** Aim of the task **
Please reproduce all of the listing below exactly and drop its images.

** Stored data **
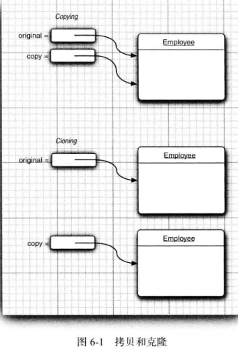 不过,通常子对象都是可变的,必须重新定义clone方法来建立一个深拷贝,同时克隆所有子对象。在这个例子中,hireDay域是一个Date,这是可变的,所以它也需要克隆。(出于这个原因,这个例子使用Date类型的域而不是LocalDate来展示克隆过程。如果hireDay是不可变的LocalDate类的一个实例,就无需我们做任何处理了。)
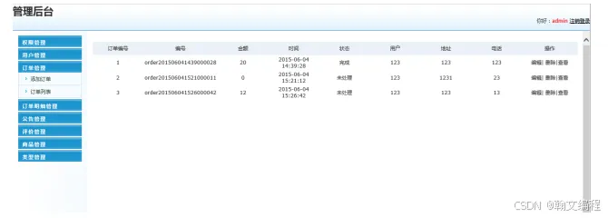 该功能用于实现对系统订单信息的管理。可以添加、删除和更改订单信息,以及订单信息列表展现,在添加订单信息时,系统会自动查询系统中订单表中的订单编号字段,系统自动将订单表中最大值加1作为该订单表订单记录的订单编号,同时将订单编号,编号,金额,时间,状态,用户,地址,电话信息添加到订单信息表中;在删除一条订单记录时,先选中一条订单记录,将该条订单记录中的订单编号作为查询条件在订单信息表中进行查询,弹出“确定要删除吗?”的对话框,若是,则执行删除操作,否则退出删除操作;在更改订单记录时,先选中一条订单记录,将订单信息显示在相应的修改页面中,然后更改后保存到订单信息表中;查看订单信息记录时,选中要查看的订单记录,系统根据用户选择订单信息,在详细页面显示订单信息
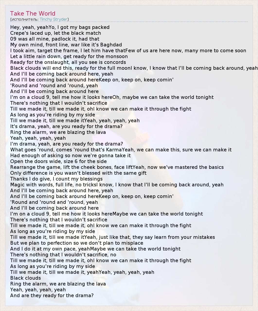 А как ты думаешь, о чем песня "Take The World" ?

** The answer **
 不过,通常子对象都是可变的,必须重新定义clone方法来建立一个深拷贝,同时克隆所有子对象。在这个例子中,hireDay域是一个Date,这是可变的,所以它也需要克隆。(出于这个原因,这个例子使用Date类型的域而不是LocalDate来展示克隆过程。如果hireDay是不可变的LocalDate类的一个实例,就无需我们做任何处理了。)
 该功能用于实现对系统订单信息的管理。可以添加、删除和更改订单信息,以及订单信息列表展现,在添加订单信息时,系统会自动查询系统中订单表中的订单编号字段,系统自动将订单表中最大值加1作为该订单表订单记录的订单编号,同时将订单编号,编号,金额,时间,状态,用户,地址,电话信息添加到订单信息表中;在删除一条订单记录时,先选中一条订单记录,将该条订单记录中的订单编号作为查询条件在订单信息表中进行查询,弹出“确定要删除吗?”的对话框,若是,则执行删除操作,否则退出删除操作;在更改订单记录时,先选中一条订单记录,将订单信息显示在相应的修改页面中,然后更改后保存到订单信息表中;查看订单信息记录时,选中要查看的订单记录,系统根据用户选择订单信息,在详细页面显示订单信息
 А как ты думаешь, о чем песня "Take The World" ?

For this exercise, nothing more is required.